_What you have to do_
These records contain pictures, which must be left out; copy exactly the lines from the one with "Dientes: Puente Del" up to and including the one with "我系青年志愿者在校園設(sh".

╭─ Task input

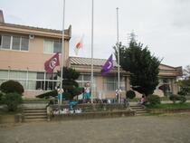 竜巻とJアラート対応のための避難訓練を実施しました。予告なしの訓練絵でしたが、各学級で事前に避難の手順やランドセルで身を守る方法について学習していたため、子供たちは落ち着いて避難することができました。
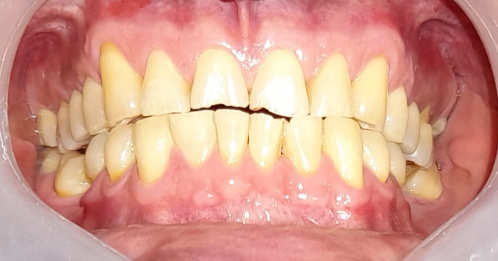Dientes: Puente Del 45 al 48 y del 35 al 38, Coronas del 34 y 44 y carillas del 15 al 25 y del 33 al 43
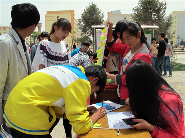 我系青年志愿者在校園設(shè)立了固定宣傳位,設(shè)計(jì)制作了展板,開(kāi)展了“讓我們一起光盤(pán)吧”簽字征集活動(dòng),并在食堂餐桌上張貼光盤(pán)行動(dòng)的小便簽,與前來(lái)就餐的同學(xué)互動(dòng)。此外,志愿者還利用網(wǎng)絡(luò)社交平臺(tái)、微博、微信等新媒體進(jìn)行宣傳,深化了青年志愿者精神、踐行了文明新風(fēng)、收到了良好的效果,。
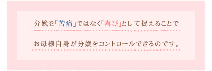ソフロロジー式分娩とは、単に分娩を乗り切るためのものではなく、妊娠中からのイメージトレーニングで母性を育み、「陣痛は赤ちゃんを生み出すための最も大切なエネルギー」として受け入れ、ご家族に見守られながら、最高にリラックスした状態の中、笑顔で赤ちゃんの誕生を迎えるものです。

╰─
╭─ Task input

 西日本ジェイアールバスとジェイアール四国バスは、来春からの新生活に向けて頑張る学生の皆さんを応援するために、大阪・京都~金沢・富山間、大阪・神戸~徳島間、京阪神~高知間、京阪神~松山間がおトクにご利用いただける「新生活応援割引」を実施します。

╰─
╭─ Task input

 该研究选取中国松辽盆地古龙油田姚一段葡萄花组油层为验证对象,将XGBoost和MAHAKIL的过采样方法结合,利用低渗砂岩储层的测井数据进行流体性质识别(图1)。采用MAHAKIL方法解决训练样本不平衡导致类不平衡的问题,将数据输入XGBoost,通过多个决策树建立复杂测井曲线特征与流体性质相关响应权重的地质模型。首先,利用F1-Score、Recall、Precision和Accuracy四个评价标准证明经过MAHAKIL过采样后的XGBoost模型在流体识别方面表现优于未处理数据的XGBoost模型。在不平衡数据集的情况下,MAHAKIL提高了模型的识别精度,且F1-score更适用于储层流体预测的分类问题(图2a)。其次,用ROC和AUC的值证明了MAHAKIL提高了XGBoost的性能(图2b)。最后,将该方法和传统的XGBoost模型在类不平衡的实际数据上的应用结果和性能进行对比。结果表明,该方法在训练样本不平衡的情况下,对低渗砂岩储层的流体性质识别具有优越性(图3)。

╰─

_Task answer_
Dientes: Puente Del 45 al 48 y del 35 al 38, Coronas del 34 y 44 y carillas del 15 al 25 y del 33 al 43
 我系青年志愿者在校園設(shè)立了固定宣傳位,設(shè)計(jì)制作了展板,開(kāi)展了“讓我們一起光盤(pán)吧”簽字征集活動(dòng),并在食堂餐桌上張貼光盤(pán)行動(dòng)的小便簽,與前來(lái)就餐的同學(xué)互動(dòng)。此外,志愿者還利用網(wǎng)絡(luò)社交平臺(tái)、微博、微信等新媒體進(jìn)行宣傳,深化了青年志愿者精神、踐行了文明新風(fēng)、收到了良好的效果,。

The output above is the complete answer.